-- Opening Marker --

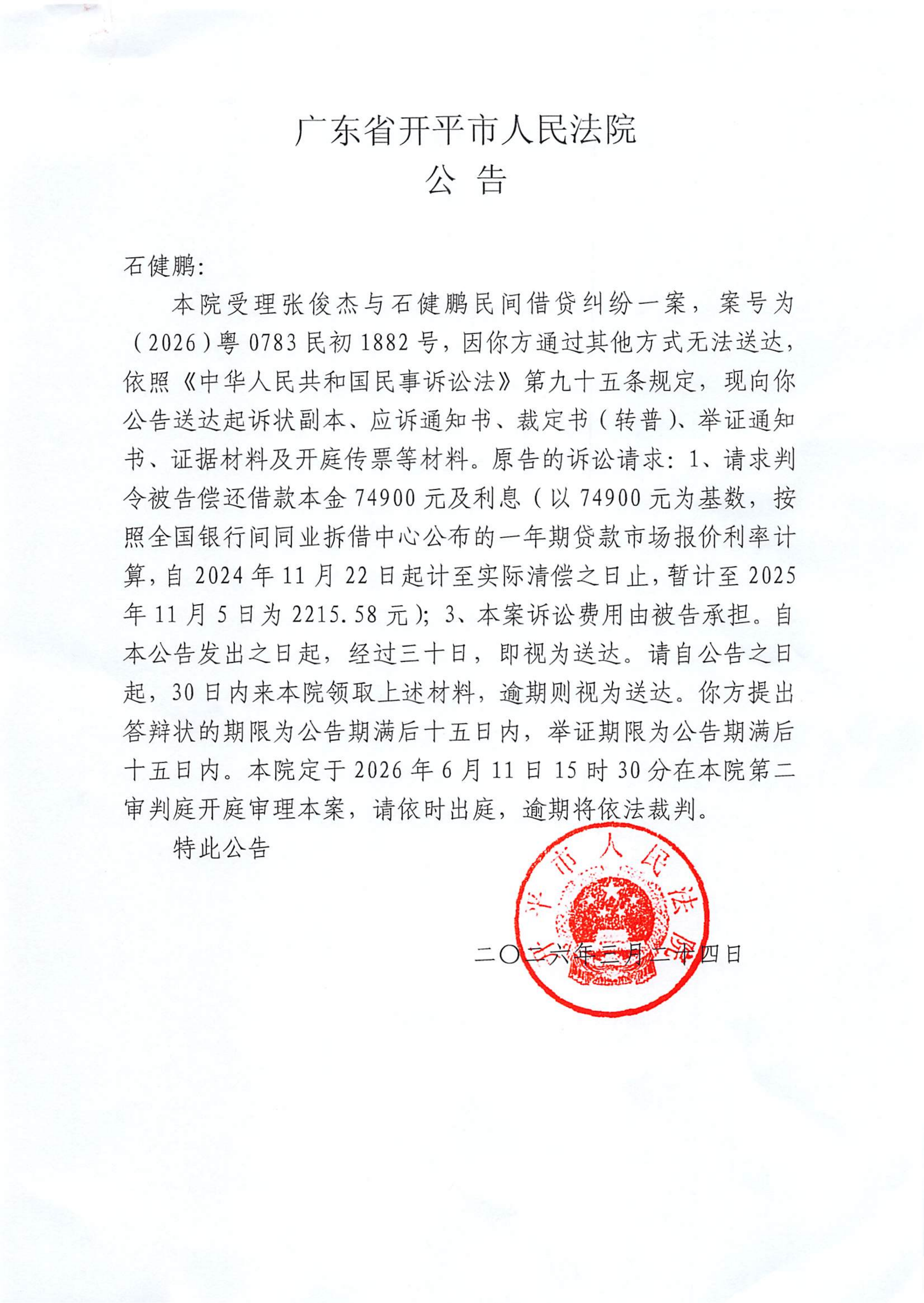 附件:(2026)粤0783民初1882号 石健鹏 开庭公告.pdf
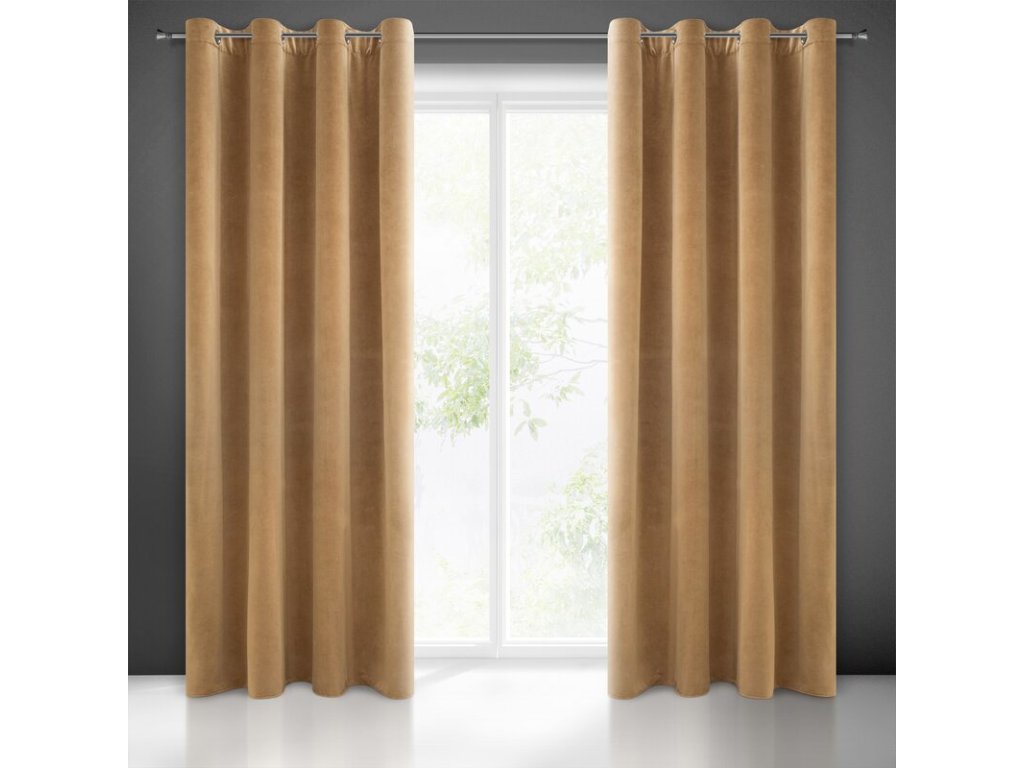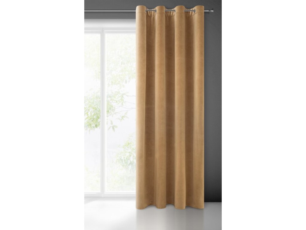 Welwetowa zasłona jednokolorowa szerokość: 140 cm, długość: 250 cm, kolor: MEDOVÝ, Gramatura: 330 GSM, Skład: 100% poliesterDoplňkové parametry
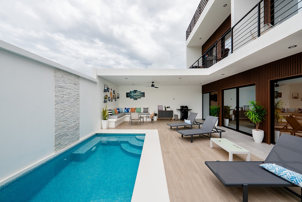 테라스가 있는 2층 대형 저택. 3BD/2BA. 7명이 편안하게 잘 수 있습니다. 마스터 침실에는 전용 욕실이 있는 새 킹 사이즈 침대가 있습니다. 두 번째 방은 두 개의 트윈룸을 갖추고 있으며 세 번째 방은 퀸사이즈 침대와 다른 트윈룸을 갖추고 있어 모든 공간이 넉넉합니다. 주방이 완비되어 있습니다. 빌라에는 수영장과 거실 밖의 공간이 있습니다. 하시엔다 이구아나는 프라이빗 골프 게이트 커뮤니티입니다. 케이터링은 다양한 음식 옵션으로 제공됩니다. 우리는 모든 식료품 쇼핑, 요리 및 청소를 합니다!

-- Closing Marker --

**Your task**: Pictures aside, reproduce the listing above exactly.

**Task solution**:
 附件:(2026)粤0783民初1882号 石健鹏 开庭公告.pdf
 Welwetowa zasłona jednokolorowa szerokość: 140 cm, długość: 250 cm, kolor: MEDOVÝ, Gramatura: 330 GSM, Skład: 100% poliesterDoplňkové parametry
 테라스가 있는 2층 대형 저택. 3BD/2BA. 7명이 편안하게 잘 수 있습니다. 마스터 침실에는 전용 욕실이 있는 새 킹 사이즈 침대가 있습니다. 두 번째 방은 두 개의 트윈룸을 갖추고 있으며 세 번째 방은 퀸사이즈 침대와 다른 트윈룸을 갖추고 있어 모든 공간이 넉넉합니다. 주방이 완비되어 있습니다. 빌라에는 수영장과 거실 밖의 공간이 있습니다. 하시엔다 이구아나는 프라이빗 골프 게이트 커뮤니티입니다. 케이터링은 다양한 음식 옵션으로 제공됩니다. 우리는 모든 식료품 쇼핑, 요리 및 청소를 합니다!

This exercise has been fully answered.